Este problema de la responsabilidad por el contenido onírico manifiesto ha sido completamente desplazado y aun eliminado por las revelaciones que ofrece La interpretación de los sueños.
En efecto, sabemos ahora que el contenido manifiesto no es sino un ilusorio artificio, una mera fachada. No vale la pena someterlo a un examen ético ni considerar sus violaciones de la moral más seriamente que las dirigidas contra la lógica matemática. Al hablar del contenido onírico, únicamente es admisible referirse al contenido de los pensamientos preconscientes y al de los deseos reprimidos que la interpretación logra revelar tras la fachada del sueño. No obstante, también esta fachada inmoral tiene un problema que plantearnos, pues ya nos hemos enterado de que las ideas oníricas latentes deben pasar por una severa censura antes de que se les conceda acceso al contenido manifiesto. ¿Cómo es posible, pues, que esta censura, inflexible en general para las más leves transgresiones, fracase tan rotundamente en los sueños manifiestamente inmorales?

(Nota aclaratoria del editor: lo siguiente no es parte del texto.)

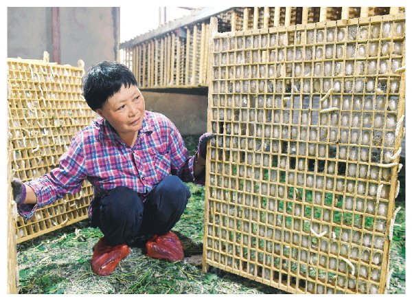 蠶農(nóng)在查看蠶蟲爬上蠶蔟結繭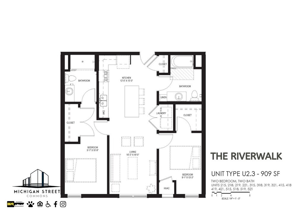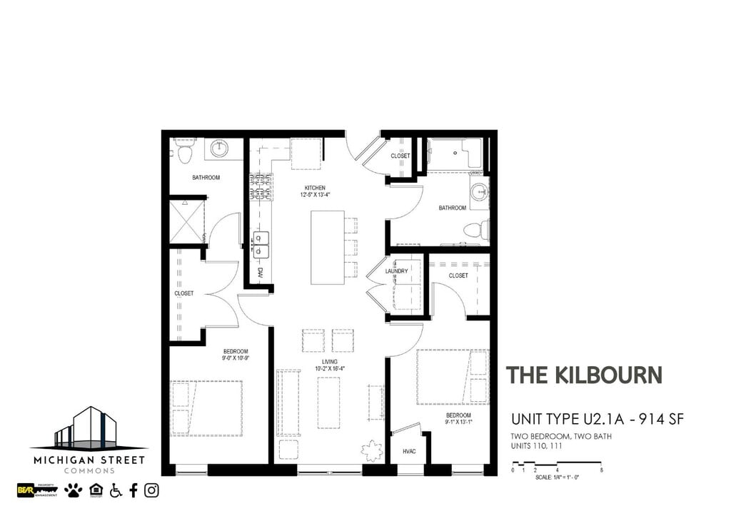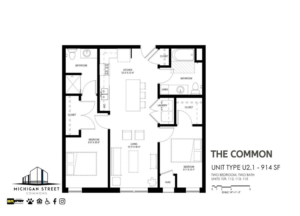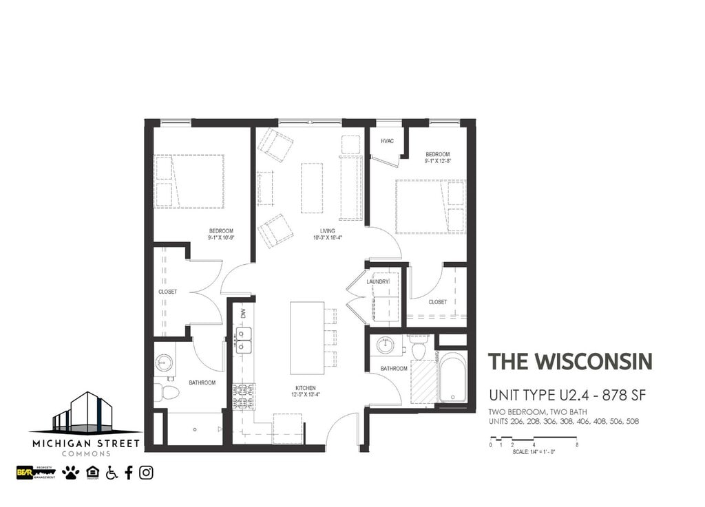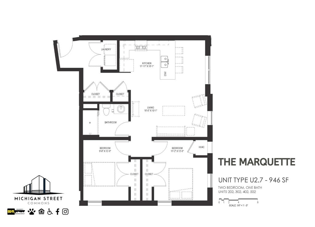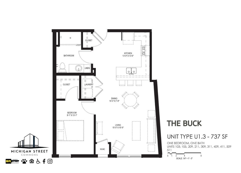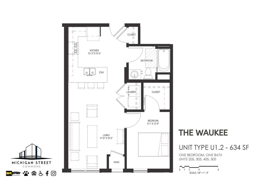 1 Bedroom to 2 Bedroom Apartments at Michigan Street Commons currently range from $961 to $1,376

No es fácil hallar la respuesta, y en definitiva, ésta quizá no pueda ser del todo satisfactoria. Para empezar será preciso someter estos sueños a la interpretación, comprobándose entonces que algunos de ellos no ofendieron a la censura, simplemente porque en el fondo no contenían nada malo. No son más que bravatas inocentes, identificaciones que pretenden simular una máscara; no fueron censurados porque no decían la verdad. Otros, en cambio -confesémoslo: la inmensa mayoría-, realmente significan lo que pregonan y, sin embargo, no han sido deformados por la censura. Son expresiones de impulsos inmorales, incestuosos y perversos, o deseos homicidas y sádicos. Frente a algunos de esos sueños el soñante reacciona despertándose angustiado; en tal caso, la situación ya no da lugar a dudas. La censura ha dejado de actuar, el peligro fue advertido demasiado tarde y el despliegue de angustia viene a representar el sucedáneo de la deformación omitida.